Anglo-American stenographer (1756–1827)

Thomas Lloyd (1756 – 1827), known as the "Father of American Shorthand," was born in London on August 14 to William and Hannah Biddle Lloyd. Lloyd studied at the College of St. Omer in Flanders, where he first learned his method of shorthand. This very method of shorthand earned him his nickname as he published the most complete and official record of the First Continental Congress from the notes taken in his shorthand. Some of his other prominent accomplishments include working for the United States Treasurer and reporting the first Inaugural Address given by George Washington, which was then published in the Gazette of the United States.

==Life==

===Soldier===
Immigrating just prior to the outbreak of the American Revolutionary War, Lloyd joined the effort by volunteering for the Fifth Independent Company of the Maryland Militia with whom he fought in the Long Island campaign during 1776, and upon its disbandment, enlisted in the Fourth Company of the Fourth Regiment of Maryland.
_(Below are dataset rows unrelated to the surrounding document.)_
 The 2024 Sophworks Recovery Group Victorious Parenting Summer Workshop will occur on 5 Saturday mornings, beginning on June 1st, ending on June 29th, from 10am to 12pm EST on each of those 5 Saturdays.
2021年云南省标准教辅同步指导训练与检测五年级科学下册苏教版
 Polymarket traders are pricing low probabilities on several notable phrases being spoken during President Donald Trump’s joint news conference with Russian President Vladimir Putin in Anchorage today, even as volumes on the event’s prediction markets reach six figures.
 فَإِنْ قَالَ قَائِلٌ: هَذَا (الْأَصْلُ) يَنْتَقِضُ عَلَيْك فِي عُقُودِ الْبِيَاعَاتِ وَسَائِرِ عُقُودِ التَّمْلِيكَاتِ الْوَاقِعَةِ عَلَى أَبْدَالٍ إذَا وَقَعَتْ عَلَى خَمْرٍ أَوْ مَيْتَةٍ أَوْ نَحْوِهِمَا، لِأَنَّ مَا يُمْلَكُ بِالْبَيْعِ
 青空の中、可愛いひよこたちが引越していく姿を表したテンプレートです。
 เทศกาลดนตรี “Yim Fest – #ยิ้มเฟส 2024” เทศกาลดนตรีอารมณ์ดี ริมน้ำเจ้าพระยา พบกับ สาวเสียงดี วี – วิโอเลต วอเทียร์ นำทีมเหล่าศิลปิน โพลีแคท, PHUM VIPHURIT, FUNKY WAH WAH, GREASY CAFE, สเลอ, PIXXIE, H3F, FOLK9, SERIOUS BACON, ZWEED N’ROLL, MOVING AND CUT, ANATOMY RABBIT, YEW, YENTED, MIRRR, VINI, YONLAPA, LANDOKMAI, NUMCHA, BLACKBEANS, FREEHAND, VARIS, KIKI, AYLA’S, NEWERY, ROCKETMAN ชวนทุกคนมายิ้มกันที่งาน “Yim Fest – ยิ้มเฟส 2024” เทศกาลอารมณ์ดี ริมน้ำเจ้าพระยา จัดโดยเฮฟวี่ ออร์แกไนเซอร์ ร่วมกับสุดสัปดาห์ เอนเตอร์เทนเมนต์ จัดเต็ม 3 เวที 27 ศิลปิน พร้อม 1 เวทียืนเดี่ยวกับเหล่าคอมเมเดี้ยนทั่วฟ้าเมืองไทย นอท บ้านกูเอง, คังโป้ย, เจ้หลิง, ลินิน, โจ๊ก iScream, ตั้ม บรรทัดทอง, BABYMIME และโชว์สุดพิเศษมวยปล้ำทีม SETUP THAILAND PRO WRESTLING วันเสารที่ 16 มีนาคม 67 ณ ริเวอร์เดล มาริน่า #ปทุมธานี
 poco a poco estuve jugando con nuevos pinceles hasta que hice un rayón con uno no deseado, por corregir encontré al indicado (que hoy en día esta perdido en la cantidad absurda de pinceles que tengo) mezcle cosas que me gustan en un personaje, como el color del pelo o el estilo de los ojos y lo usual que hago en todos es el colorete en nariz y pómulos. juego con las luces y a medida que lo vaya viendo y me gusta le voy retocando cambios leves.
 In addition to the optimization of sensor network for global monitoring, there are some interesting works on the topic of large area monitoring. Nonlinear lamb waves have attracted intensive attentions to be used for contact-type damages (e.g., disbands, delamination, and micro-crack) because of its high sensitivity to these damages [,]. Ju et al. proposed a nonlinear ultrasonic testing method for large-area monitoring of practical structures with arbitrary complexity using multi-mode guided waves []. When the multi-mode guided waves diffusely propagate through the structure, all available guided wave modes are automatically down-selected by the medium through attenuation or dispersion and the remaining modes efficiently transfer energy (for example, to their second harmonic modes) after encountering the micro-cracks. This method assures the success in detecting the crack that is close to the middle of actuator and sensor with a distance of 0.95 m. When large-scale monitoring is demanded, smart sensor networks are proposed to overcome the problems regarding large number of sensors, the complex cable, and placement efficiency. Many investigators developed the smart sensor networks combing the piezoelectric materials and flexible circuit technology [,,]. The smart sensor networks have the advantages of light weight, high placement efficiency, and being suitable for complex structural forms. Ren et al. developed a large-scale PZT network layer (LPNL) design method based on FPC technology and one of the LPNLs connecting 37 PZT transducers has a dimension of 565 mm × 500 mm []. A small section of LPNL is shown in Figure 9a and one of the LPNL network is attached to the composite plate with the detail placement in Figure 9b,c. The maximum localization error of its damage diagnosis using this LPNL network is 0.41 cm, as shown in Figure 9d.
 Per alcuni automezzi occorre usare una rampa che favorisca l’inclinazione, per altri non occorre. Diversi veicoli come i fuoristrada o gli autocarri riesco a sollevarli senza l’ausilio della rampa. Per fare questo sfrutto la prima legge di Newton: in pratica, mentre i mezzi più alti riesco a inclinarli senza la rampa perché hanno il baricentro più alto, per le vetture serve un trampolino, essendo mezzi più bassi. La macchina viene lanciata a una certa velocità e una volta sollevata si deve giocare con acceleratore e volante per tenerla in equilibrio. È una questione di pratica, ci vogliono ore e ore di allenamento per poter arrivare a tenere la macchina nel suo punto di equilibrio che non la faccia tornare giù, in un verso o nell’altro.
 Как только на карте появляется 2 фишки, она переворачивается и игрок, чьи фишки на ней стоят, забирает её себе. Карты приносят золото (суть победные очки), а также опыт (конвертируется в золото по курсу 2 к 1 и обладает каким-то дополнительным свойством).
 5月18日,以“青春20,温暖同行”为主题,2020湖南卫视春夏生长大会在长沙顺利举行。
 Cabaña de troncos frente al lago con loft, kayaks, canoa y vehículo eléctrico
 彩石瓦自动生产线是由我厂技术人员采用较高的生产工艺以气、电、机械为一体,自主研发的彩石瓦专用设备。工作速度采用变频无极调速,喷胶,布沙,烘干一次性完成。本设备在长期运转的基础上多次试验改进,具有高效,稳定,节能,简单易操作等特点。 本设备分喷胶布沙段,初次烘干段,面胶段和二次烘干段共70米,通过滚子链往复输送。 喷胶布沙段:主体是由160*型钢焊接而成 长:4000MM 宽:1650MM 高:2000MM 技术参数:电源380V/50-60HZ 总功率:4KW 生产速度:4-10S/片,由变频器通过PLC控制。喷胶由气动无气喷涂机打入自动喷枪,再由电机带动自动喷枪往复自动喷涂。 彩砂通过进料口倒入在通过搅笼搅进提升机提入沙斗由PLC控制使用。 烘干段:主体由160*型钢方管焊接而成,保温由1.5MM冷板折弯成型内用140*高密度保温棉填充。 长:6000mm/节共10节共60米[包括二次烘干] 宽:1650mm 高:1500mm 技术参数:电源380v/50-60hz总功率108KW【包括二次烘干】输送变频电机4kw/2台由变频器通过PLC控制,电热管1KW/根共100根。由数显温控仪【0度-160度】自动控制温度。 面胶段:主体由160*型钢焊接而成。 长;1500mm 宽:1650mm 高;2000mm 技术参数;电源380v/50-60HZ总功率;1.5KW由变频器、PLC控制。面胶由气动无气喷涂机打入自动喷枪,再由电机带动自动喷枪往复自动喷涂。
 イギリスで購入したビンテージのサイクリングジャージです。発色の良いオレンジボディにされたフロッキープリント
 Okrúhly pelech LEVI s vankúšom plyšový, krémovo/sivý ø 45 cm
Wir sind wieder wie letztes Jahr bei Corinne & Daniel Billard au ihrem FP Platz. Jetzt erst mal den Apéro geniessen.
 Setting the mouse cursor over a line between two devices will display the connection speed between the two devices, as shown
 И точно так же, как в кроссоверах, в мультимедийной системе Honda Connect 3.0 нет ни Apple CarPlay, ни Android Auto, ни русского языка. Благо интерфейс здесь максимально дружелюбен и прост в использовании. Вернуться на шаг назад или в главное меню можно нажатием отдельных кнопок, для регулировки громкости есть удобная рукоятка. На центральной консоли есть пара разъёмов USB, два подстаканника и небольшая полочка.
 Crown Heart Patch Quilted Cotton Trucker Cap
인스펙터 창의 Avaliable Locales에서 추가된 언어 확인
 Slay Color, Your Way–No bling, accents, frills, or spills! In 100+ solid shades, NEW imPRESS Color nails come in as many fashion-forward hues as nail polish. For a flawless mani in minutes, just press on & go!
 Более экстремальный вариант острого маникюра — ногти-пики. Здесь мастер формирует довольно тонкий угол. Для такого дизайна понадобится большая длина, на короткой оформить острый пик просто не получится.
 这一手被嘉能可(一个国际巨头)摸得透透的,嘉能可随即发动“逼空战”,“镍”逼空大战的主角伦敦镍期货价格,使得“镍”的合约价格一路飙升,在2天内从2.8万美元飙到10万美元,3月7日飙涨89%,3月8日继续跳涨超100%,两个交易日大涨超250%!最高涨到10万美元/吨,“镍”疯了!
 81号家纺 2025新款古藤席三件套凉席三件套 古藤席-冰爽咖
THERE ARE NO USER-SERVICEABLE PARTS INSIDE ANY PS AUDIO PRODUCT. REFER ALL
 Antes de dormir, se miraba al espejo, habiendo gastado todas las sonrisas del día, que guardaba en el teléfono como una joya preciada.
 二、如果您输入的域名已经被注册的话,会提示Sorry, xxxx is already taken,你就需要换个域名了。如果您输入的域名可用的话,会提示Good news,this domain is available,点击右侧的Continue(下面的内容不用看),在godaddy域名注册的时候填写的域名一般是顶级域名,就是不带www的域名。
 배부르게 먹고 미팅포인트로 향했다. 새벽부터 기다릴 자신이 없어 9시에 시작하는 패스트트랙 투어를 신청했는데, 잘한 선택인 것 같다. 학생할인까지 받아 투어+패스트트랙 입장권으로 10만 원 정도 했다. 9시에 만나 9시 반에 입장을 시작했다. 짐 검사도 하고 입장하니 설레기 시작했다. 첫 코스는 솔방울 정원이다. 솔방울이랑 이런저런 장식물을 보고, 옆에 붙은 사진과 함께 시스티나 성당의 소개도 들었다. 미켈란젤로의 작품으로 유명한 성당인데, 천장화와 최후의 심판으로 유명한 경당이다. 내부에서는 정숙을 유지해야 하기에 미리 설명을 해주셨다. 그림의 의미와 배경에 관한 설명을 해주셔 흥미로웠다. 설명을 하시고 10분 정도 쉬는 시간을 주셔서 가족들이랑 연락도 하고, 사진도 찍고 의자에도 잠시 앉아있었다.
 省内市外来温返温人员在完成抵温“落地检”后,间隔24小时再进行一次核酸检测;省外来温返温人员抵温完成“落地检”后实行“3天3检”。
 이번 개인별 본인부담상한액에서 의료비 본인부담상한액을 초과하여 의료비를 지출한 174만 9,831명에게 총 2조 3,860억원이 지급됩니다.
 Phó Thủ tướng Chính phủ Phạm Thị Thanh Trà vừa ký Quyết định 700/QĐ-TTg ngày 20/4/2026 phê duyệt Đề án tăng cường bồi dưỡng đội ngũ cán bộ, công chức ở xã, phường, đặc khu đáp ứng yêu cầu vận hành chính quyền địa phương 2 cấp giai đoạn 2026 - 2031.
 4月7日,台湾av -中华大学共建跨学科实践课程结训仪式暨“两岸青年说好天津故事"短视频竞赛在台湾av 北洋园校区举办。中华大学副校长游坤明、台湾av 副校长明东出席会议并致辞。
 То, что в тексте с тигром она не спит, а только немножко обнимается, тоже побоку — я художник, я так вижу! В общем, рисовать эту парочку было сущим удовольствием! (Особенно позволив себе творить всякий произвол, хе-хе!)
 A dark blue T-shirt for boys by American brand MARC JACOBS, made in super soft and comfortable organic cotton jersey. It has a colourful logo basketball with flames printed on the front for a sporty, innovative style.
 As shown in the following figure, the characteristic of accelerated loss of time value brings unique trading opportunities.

Wounded at the Battle of Brandywine, Lloyd was discharged in February 1779.

===Stenographer===
Lloyd married Mary Carson in 1780 and moved to Philadelphia where he generated a reputation as a skilled stenographer and teacher. His continued interest in politics lead him to attend the first session of the Federal Congress. His publication of the record for that session earned him a permanent position in all Congressional debates. His publication, the Congressional Register, became widely known as the most accurate and official documentation of debates and was used frequently by individual Congressmen for quotes. As Lloyd's publishing career continued, his partisan work brought criticism from outside sources. Failing to publish his notes from the Maryland Convention and the anti-Federalist speeches from the Pennsylvania Convention, Lloyd earned a reputation as an ardent supporter of the Constitution, but also earned criticism from fellow journalists and political figures alike who accused him of taking bribes. In 1789, Lloyd reported on the first session of the First House of Representatives and was appointed official recorder for the second session. While Lloyd continued recording various political debates and Congressional sessions, his publication of the Register concluded in 1790.

===In London===
After the end of Lloyd's publications, he returned to London with his family in 1791. Hitting a string of bad luck, Lloyd was put in Newgate prison for debt and upon his release, returned to the United States in hopes of once again publishing his recordings. However, upon his return, Lloyd was not given back his position with Congress and found himself out of work.

===Method Published===
Mathew Carey, prominent publisher and employee of the Pennsylvania Herald worked with Lloyd to learn his method of shorthand and in January 1793, published The System of Shorthand Practiced by Thomas Lloyd in Taking Down the Debates of Congress and Now (With His Permission) Published for General Use.

==Legacy==
The last known publication by Lloyd was a work that compiled the full structure of his shorthand system that ended up being his legacy that was published in 1819. His book, Lloyd's Stenography, was designed to be sold as a manual to those wishing to learn shorthand.

Lloyd died on January 19, 1827, and was buried in the cemetery of St. Augustine Church which is located on Fourth, near Vine, in Philadelphia. He was survived by three daughters and Maria Daly Shea who was raised in his household and eventually became the heir of the Lloyd family papers.